Key reason is that once again, just as it happened in the beginning of May, despite all previous assurances of progress in trade talks and increased hopes that US and China finally will be able to find way for mutual agreement, in early August Trump tweeted that 10% tariff on $ 300 billion of additional Chinese goods would be introduced starting from September 1st.  This was unexpected move and made investors quite nervous, indicating that August might turn out to be unfavorable month for performance of financial assets (so far it is indeed the case). Another reason, why investors may be willing to take profits right now is that irrespective of news related to trade war, not many catalysts are left in the market to support further rise in equity prices at least in the perspective of next few months.

First of all, let us consider central banks, as their statements and actions are by far the major reason why performance of most financial assets was so strong this year. During July meetings, both ECB and FED delivered on what investors were expecting from them – ECB President Mario Draghi stated that given economic risks significant monetary stimulus may be introduced going forward. What it means is that in September Eurozone main refinancing interest rate is likely to be cut to negative territory for the first time ever and deposit rate would be also reduced, moreover,  program of repurchasing government and corporate bonds by printing new money might be resumed later as well. At the same time, FED message did not contain just wordings, but real action, Central bank cut interest rate for the first time since 2008, and decided to halt quantitative monetary tightening already in August, two months in advance of previous plan. End of quantitative monetary tightening means that money which Central Bank is receiving at the maturity of previously purchased financial assets would again be reinvested in the market and not removed from the financial system, as it has been effectively done since 2017.

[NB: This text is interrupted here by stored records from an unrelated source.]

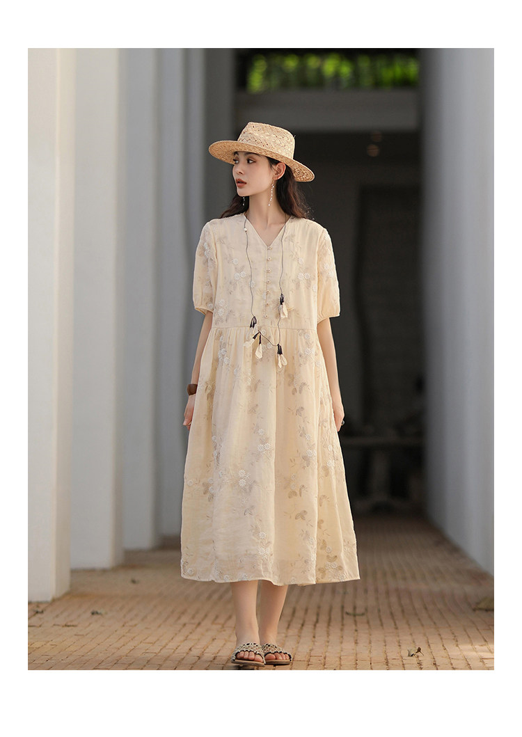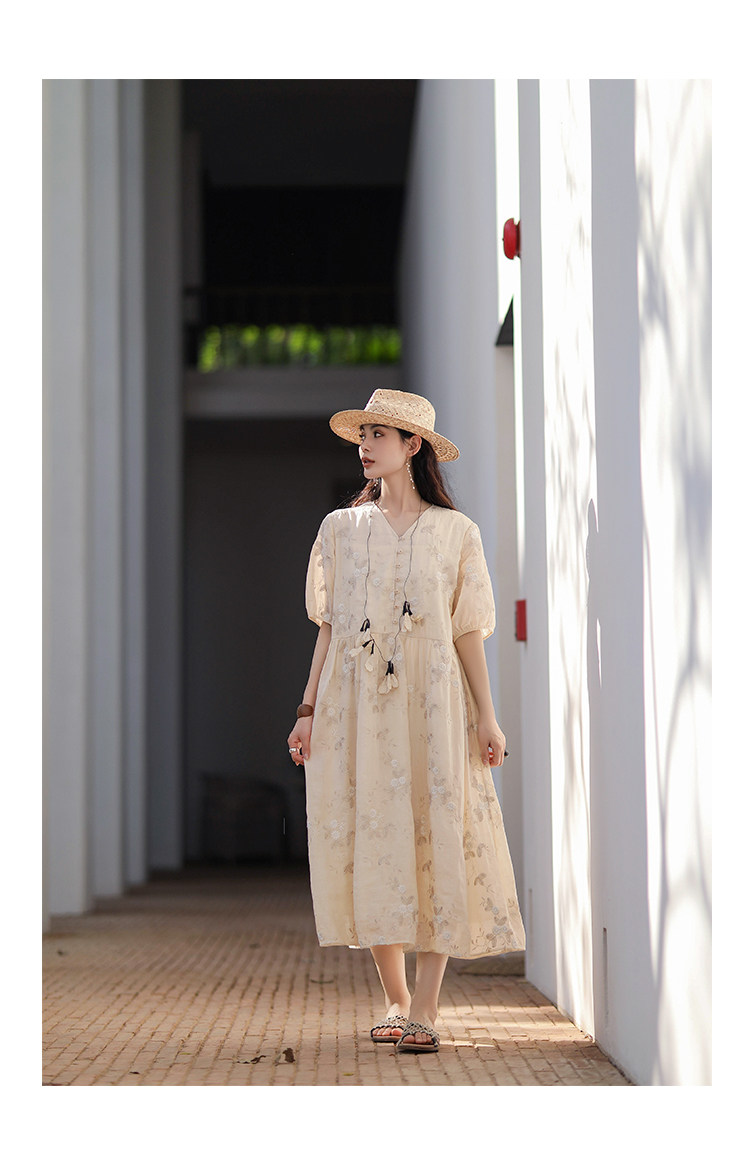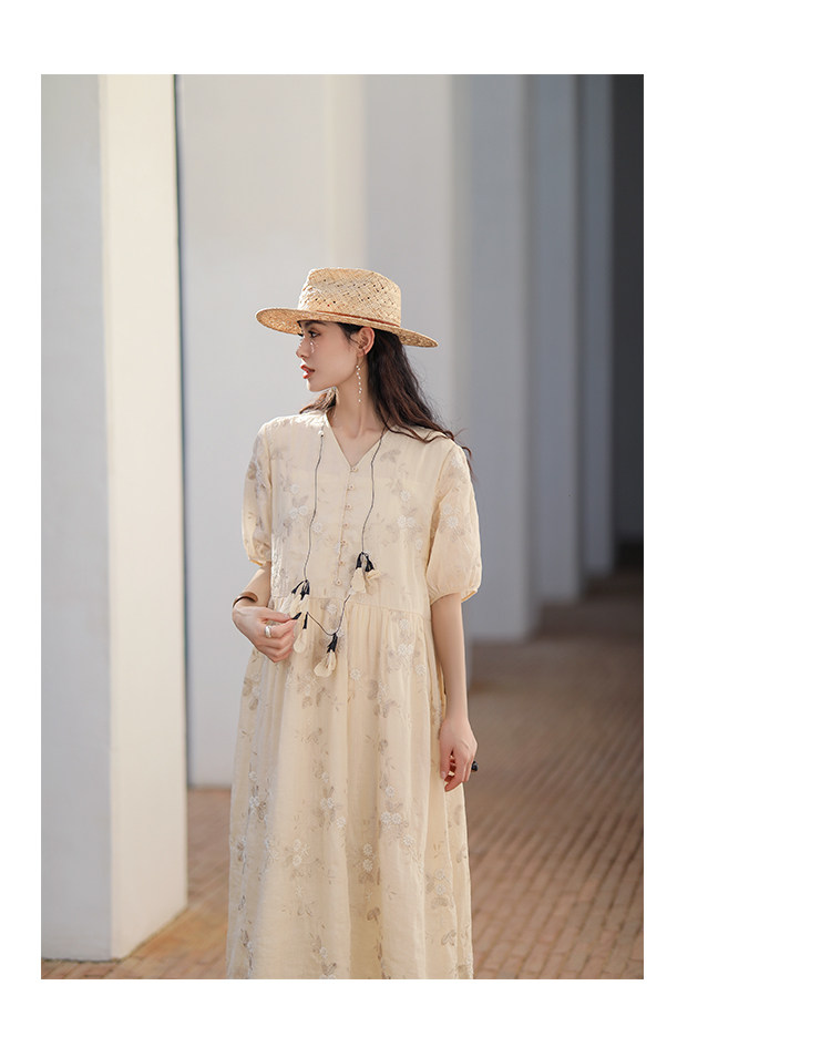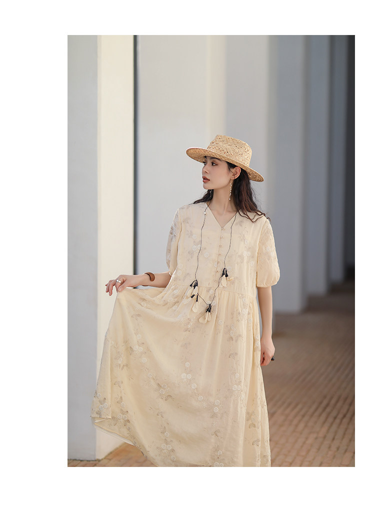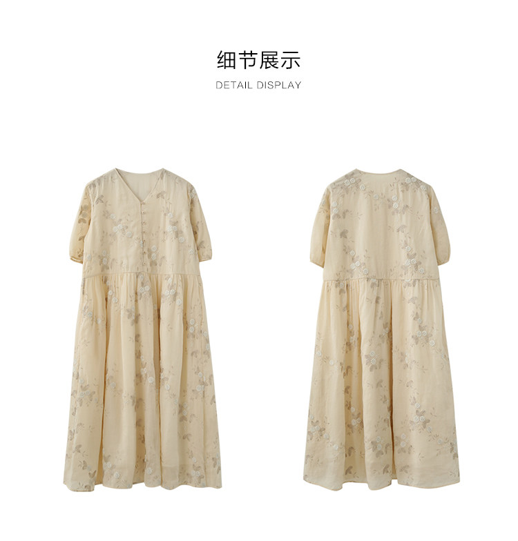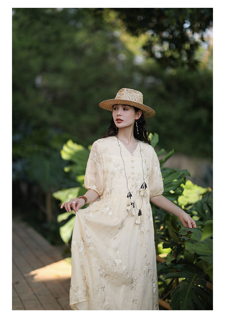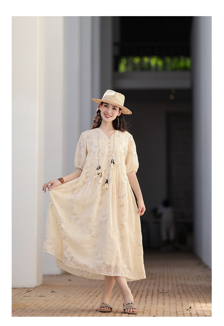 麻霖原創設計夏季100支100%精細苧麻水溶刺綉文藝休閒清涼連衣裙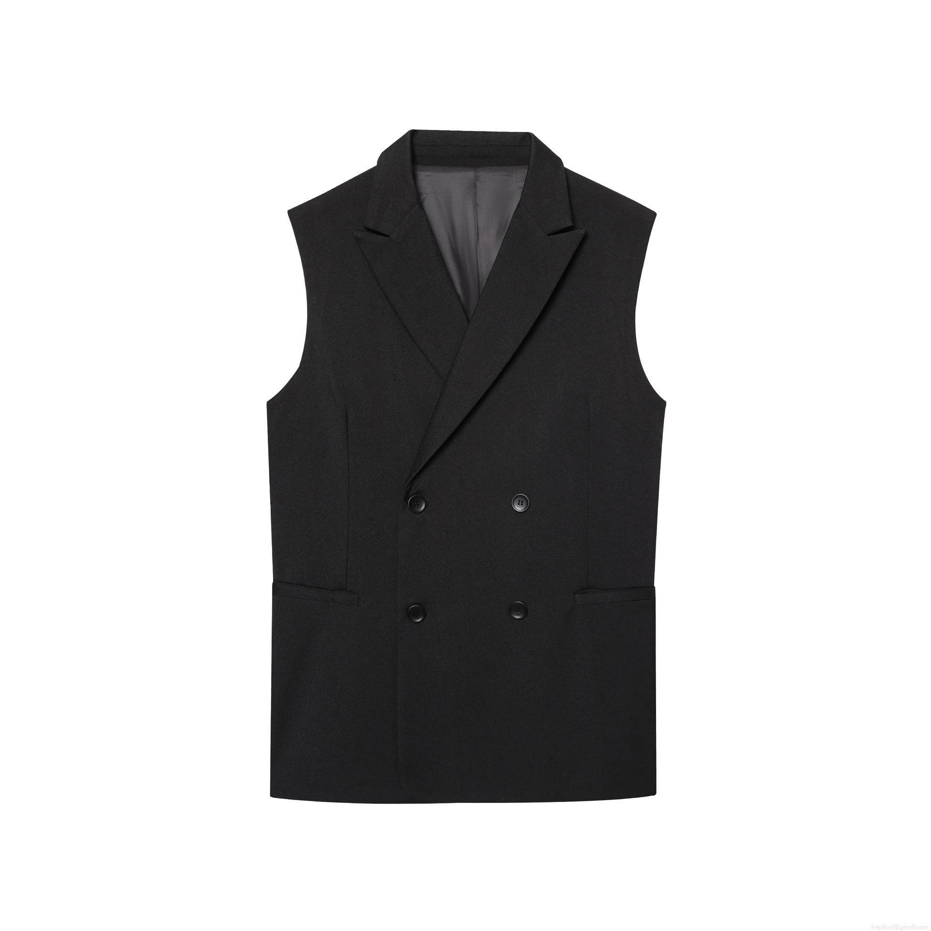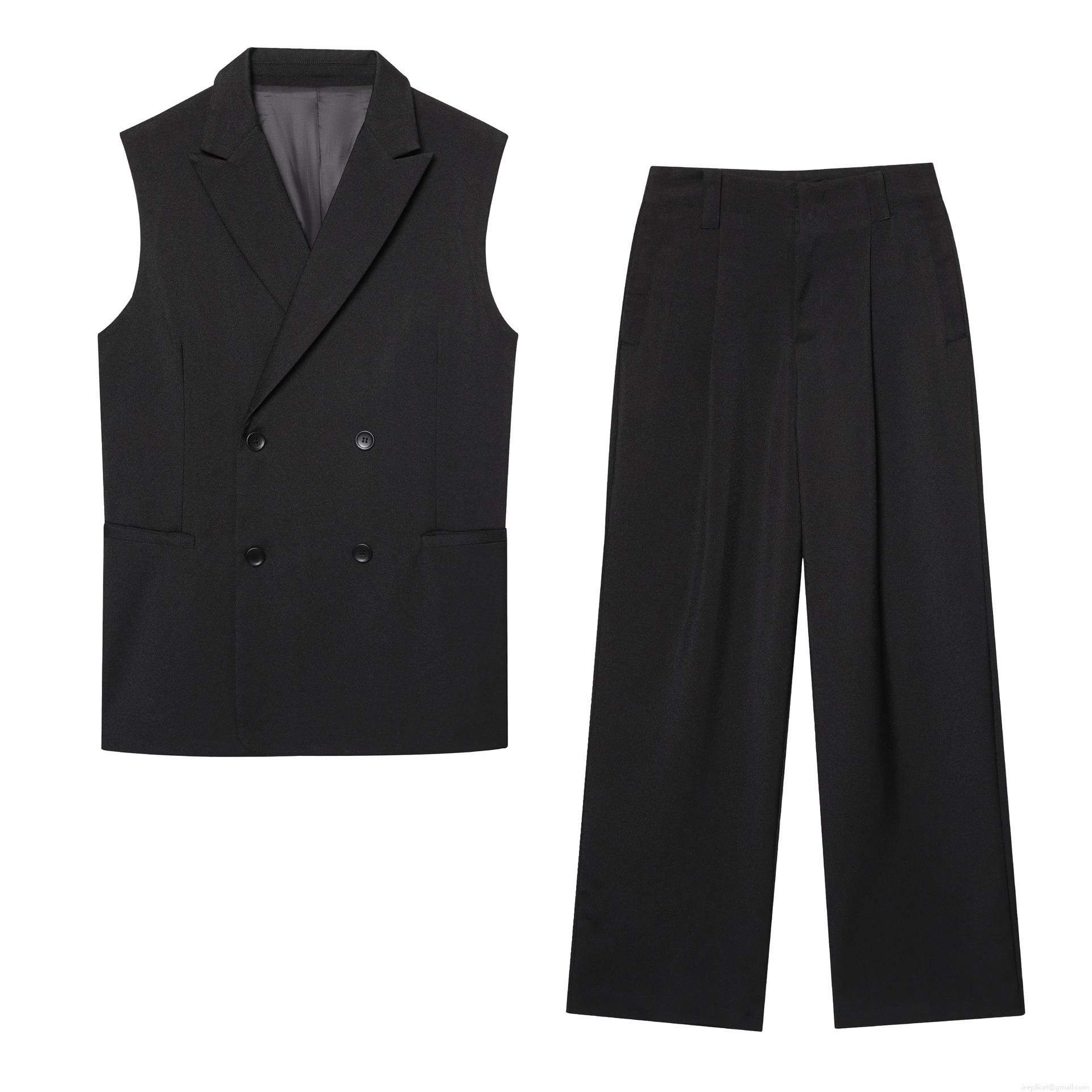 • Women's 2 Piece Office Suit Set Sleeveless Double Breasted Vest Waistcoat With High Waist Wide Leg Pants Trousers Loose Casual Streetwear Outfits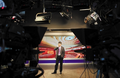 3月7日21点23分,《两会1+1》开播前,白岩松在沉思。对他来说,《两会1+1》最大的挑战是,整个播出过程没有文稿,自己一直面对镜头站着,现场发挥。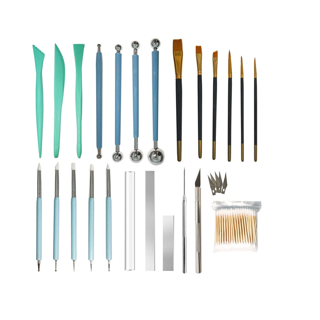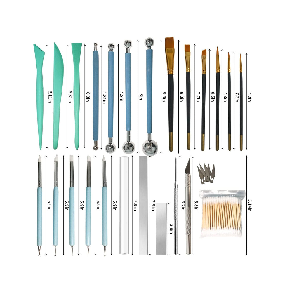 Our products are designed and manufactured in line with the standards of the industry. The entire range of products offered by us is very popular in the markets for their afford ability and high durability nature. -Product Details: 3-piece clay tool set, 5-piece silicone engraving tool set, acrylic stick, 7.87-inch long blade, 1.97-inch short blade, 1 detailed needle, 1 precision hand knife and 5 blades, 100 cotton swabs, 6 different shapes Brushes, 5 double-ended round pill sticks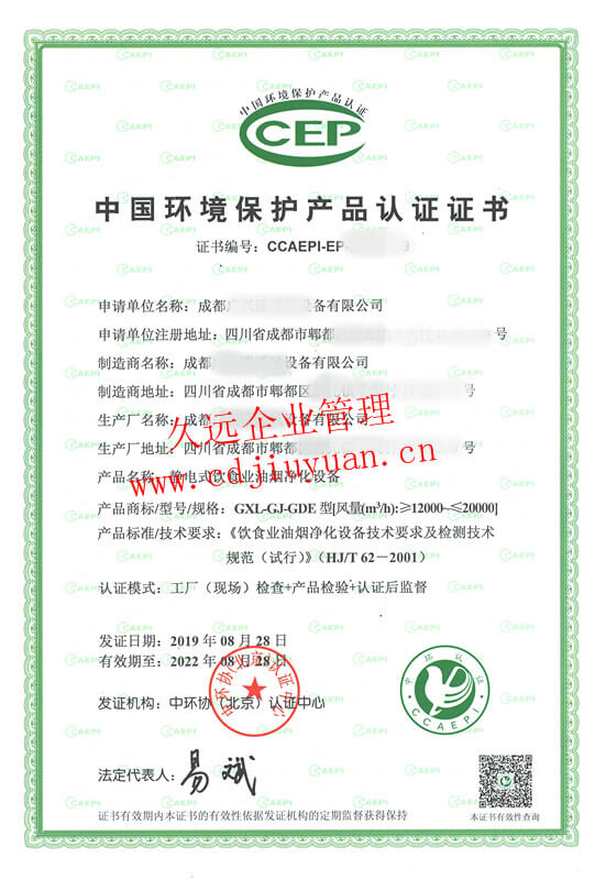 中國環(huán)境保護產品認證證書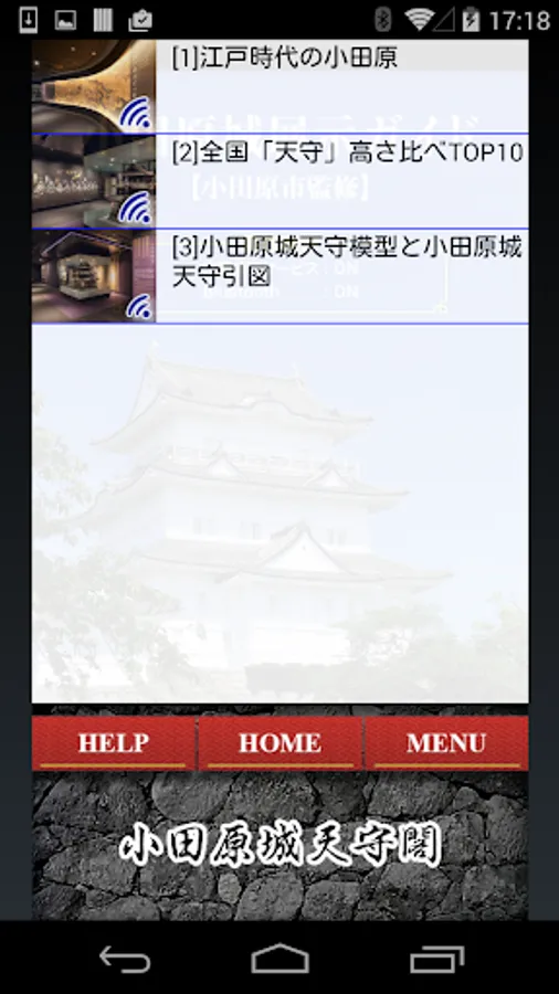 2. Spots are displayed on the list display screen when information such as attractions in Odawara Castle Ruins Park is detected.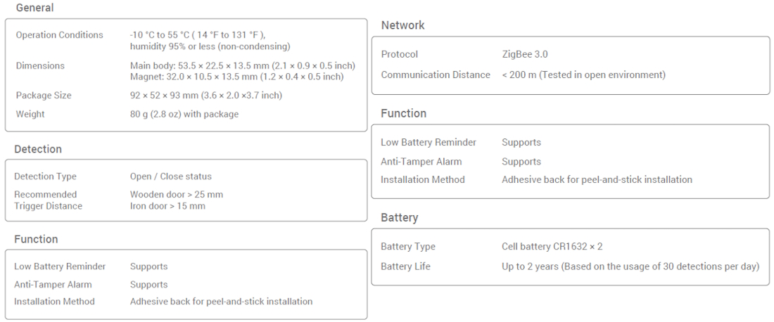 – Necesita utilizarea cu EZVIZ Home Gateway A3 – distanta detectie: pana in 200 m (mediu deschis); functioneaza numai cu kit-ul senzor EZVIZ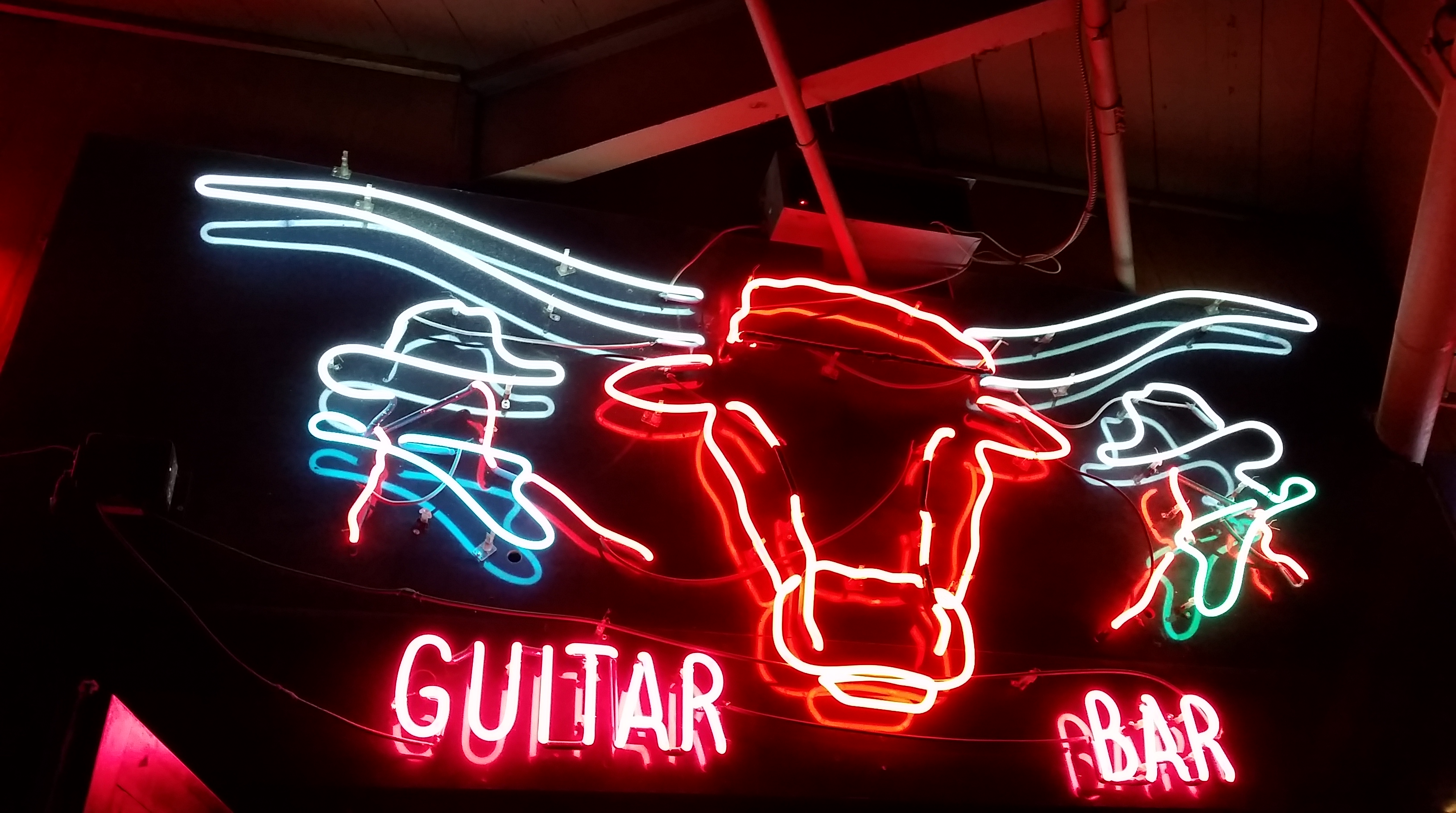 The famous mirror-ball saddle above the Honky Tonk dance floor. As featured in the movie starring Dolly Parton and Sylvester Stallone, “Rhinestone”.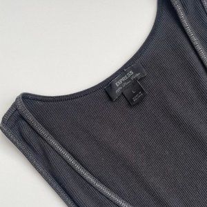 Express Ladies Ribbed L Tank Top Black w Metallic Silver Trim Stitching

Unfortunately, such bullish news coming from monetary authorities are already in large part priced in, so even more aggressive statements by central bank heads are needed going forward this year to boost equities higher. Alternatively, global economy finally needs to start accelerating higher, and unfortunately month after month we need to acknowledge that such development is not happening. On contrary, despite several improvements here and there for some regions, in general, macroeconomic indicators worldwide continue to deteriorate. And again we need to repeat ourselves and say that risks are quite high right now and additional caution in making investments is required, especially after confirmation that trade war is still likely to continue influencing global economic growth in a negative way in the perspective of next months.

In addition, we are actually starting to observe same pattern that prevailed in the markets last year, namely USA outperforming all other major regions. Key reason is that while macroeconomic indicators both in Europe, Asia and Emerging markets are sending straightforward message that economic activity is slowing down and risk of recession is rising, in USA data continues to hold relatively well (signs of  weakness are also present, but threat of negative GDP growth is not so high so far). Usually when performance of regional equity markets is becoming out of sync, it may lead to more weakness ahead, as it, for example, happened in 2018. 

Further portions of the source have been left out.